CRAA 236 Mich App at 592-593.

The court also reviewed the Township Zoning Act (TZA) and found "nothing in the TZA that suggests that a township's zoning authority does not extend to nonaeronautical airport development." Id. at 593.

Similarly, the grant of authority to public universities with respect to education and development of their facilities, as found in sections 553 and 558 of Chapter 390, does not include an expression of legislative intent to relieve public universities of their obligations to comply with local health regulations. Section 553 grants to universities the general supervisory power to control and direct their funds. Section 558 authorizes public universities to acquire and develop land, buildings, and other facilities. Although these statutes authorize a university to engage in these activities, their provisions do not express a legislative intent to exempt all university activities from local health regulations.

As noted in CRAA and Burt Twp, one must also consider the local regulation in question. Under Const 1963, art 4, 51, public health is a matter "of primary public concern." The Public Health Code, 1978 PA 368, MCL 333.1101 et seq; MSA 14.15(1101) et seq, grants to local health departments broad authority to adopt regulations necessary or appropriate to carry out their duties to protect public health. Section 2235(1) grants the State Department of Public Health the power to authorize local health departments "to exercise a power or function of the department." Section 2235(2) of the Public Health Code provides that the state "shall consider a local health department . . . to be the primary organization responsible for the organization, coordination, and delivery of . . . services and programs." Section 2441 provides that regulations adopted by local health departments are "applicable to the same or similar subject matter" as state law and "supersede inconsistent or conflicting local ordinances." Moreover, section 2433 provides that:
(2) A local health department shall:


(f) Have powers necessary or appropriate to perform the duties and exercise the powers given by law to the local health officer and which are not otherwise prohibited by law.

One of the powers delegated to local health departments is to "[a]dvise other local agencies and persons as to the location, drainage, water supply, disposal of solid waste, heating, and ventilation of buildings." Section 2435(b) (emphasis added).3 Nothing in the Public Health Code suggests that a local health department's authority to regulate does not include regulation of water well construction by public universities. To the contrary, the Public Health Code vests local health departments with broad authority to regulate matters concerning public health, including jurisdiction over water supplies. Moreover, the Public Health Code contains no clear expression of legislative intent to exempt public universities from local public health regulations. Since there is no clear expression of legislative intent to exempt public universities from local health department ordinances protecting groundwaters, Burt Twp, supra, and CRAA, supra, compel the conclusion that public universities must obey such ordinances.

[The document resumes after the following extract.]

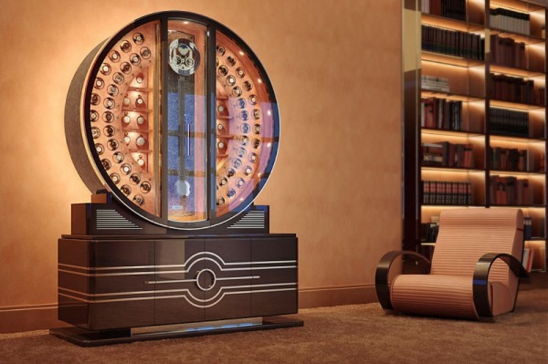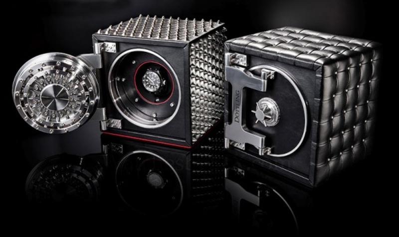Сейф Colosimo от Dottling размером 21х21х21 см весит всего 13 килограммов, но предлагает надежную защиту для драгоценных часов. Стоит такой сейф $22 тыс. Кроме этого, держатель с автоподзаводкой нужно покупать отдельно — за $18,6 тыс.

It is my opinion, therefore, that Northern Michigan University, an institution of higher education covered by Const 1963, art 8,  6, must obey a county ordinance that requires a county health department permit before constructing a water well on its property.

Attorney General

1 MCL 560.101 et seq; MSA 26.430(101) et seq.

2 MCL 125.271 et seq; MSA 5.2963(1) et seq.

3 It is also noted that Part 127 of the Public Health Code, titled "Water Supply And Sewer Systems," regulates the installation of water wells and requires annual registration of well drilling contractors. For purposes of enforcing Part 127, local health departments may enter and inspect well installations on public and private property (section 12708) and may investigate violations and order corrective measures. Section 12709(1).